◆ Exercise:
Leaving out the pictures, write the following records exactly as they read.

◆ Recorded data:
--
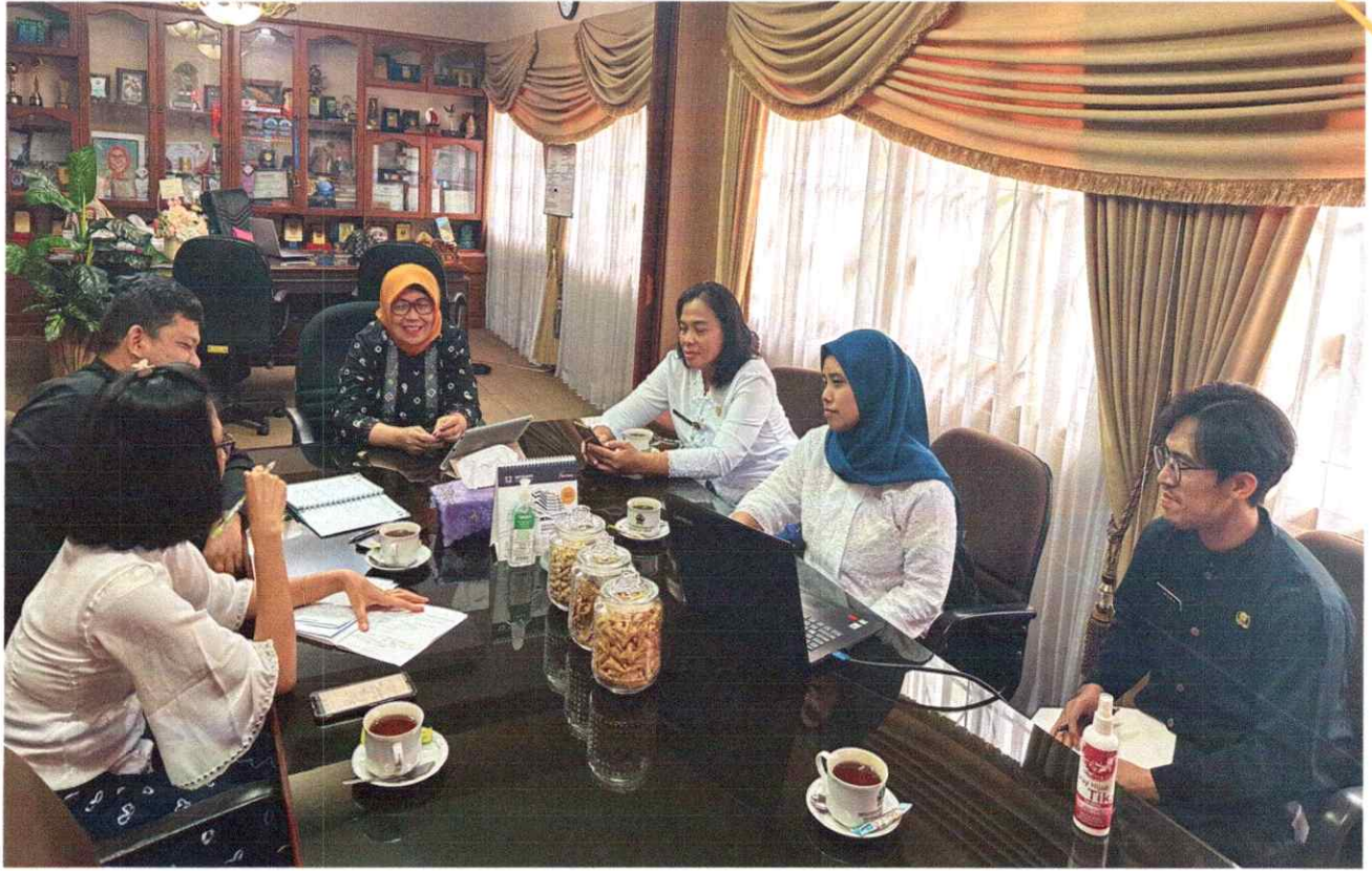
Kegiatan PPIDay's di Gedung Menara Wijaya Kabupaten Sukoharjo Tanggal 14 November 2024
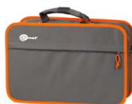
Funda L1 WAFUTL1
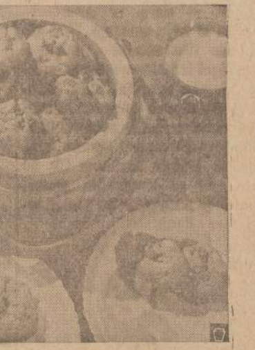
Date Peanut Butter Drop cookies and mugs of chilled milk make a mighty good snack for hungry youngsters just home from school.

MOKAM AUKŠTUS DIVIDENDUS VISOMS TAUPYMO SASKAITOMS Indėliai apdrausti iki $10,000.00 Duodame paskolas už namus nuo vienerių iki dvidešimties metų lengvais mėnesiniais išmokėjimais. BRIGHTON SAVINGS AND LOAN ASS'N. 4071 ARCHER AVENUE, CHICAGO, ILL. LAFayette 3-8248 Sekretorius CHARLES ZEKAS Valandos: Kasdien nuo 9 ryto iki 4:30 po pietų. Ketvirtadieniais nuo 9 ryto iki 8 val. vakaro. Trečiadieniais uždaryta.
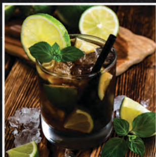
CUBA LIBRE / 25 ZŁ
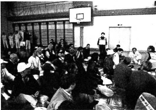
避難所運営訓練の様子

結果は、24地区自治会で2,176人を対象に実施され、安否確認済1,580人、未確認596人でした。この訓練成果をもとに、問題点を班員で再検討して、次からの防災訓練に生かしていきたいとのことです。
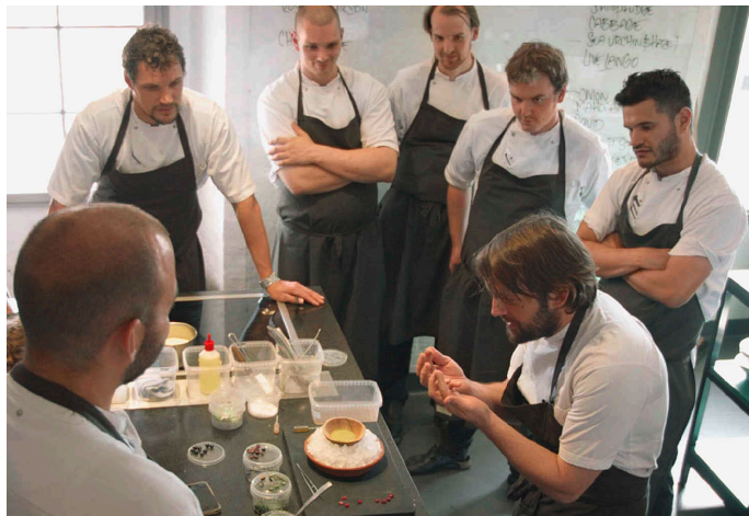
René Redzepi und seine Köche
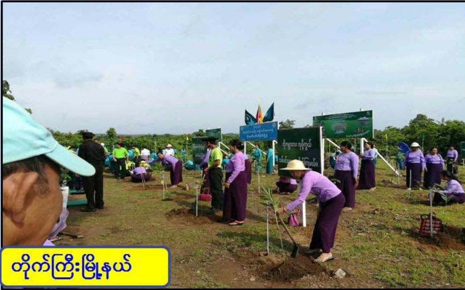
တိုက်ကြီးမြို့နယ်
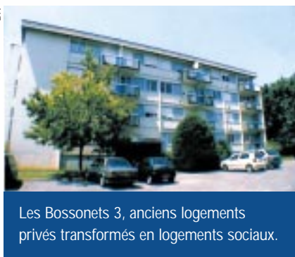
Les Bossonnets 3, anciens logements privés transformés en logements sociaux.

qu'entrera alors en ligne de compte le conventionnement de l'immeuble. D'une allocation logement, les locataires passeront au système de l'APL (aide personnalisée au logement) et seront mieux logés pour moins cher : leur taux d'effort devrait être réduit d'environ 25 %.
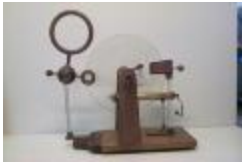
Machine de Winter (2001.1121.1)
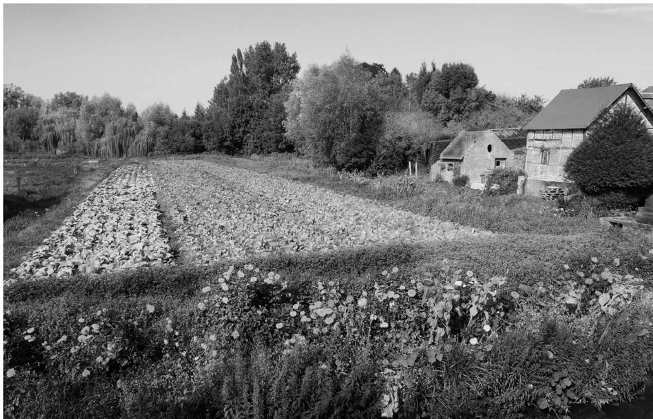
Les hortillonnages, Amiens, Jean-Marc Hoeblich, 2015
--
◆ Solution to the problem:
Kegiatan PPIDay's di Gedung Menara Wijaya Kabupaten Sukoharjo Tanggal 14 November 2024
Funda L1 WAFUTL1
Date Peanut Butter Drop cookies and mugs of chilled milk make a mighty good snack for hungry youngsters just home from school.

MOKAM AUKŠTUS DIVIDENDUS VISOMS TAUPYMO SASKAITOMS Indėliai apdrausti iki $10,000.00 Duodame paskolas už namus nuo vienerių iki dvidešimties metų lengvais mėnesiniais išmokėjimais. BRIGHTON SAVINGS AND LOAN ASS'N. 4071 ARCHER AVENUE, CHICAGO, ILL. LAFayette 3-8248 Sekretorius CHARLES ZEKAS Valandos: Kasdien nuo 9 ryto iki 4:30 po pietų. Ketvirtadieniais nuo 9 ryto iki 8 val. vakaro. Trečiadieniais uždaryta.
CUBA LIBRE / 25 ZŁ
避難所運営訓練の様子

結果は、24地区自治会で2,176人を対象に実施され、安否確認済1,580人、未確認596人でした。この訓練成果をもとに、問題点を班員で再検討して、次からの防災訓練に生かしていきたいとのことです。
René Redzepi und seine Köche
တိုက်ကြီးမြို့နယ်
Les Bossonnets 3, anciens logements privés transformés en logements sociaux.

qu'entrera alors en ligne de compte le conventionnement de l'immeuble. D'une allocation logement, les locataires passeront au système de l'APL (aide personnalisée au logement) et seront mieux logés pour moins cher : leur taux d'effort devrait être réduit d'environ 25 %.
Machine de Winter (2001.1121.1)
Les hortillonnages, Amiens, Jean-Marc Hoeblich, 2015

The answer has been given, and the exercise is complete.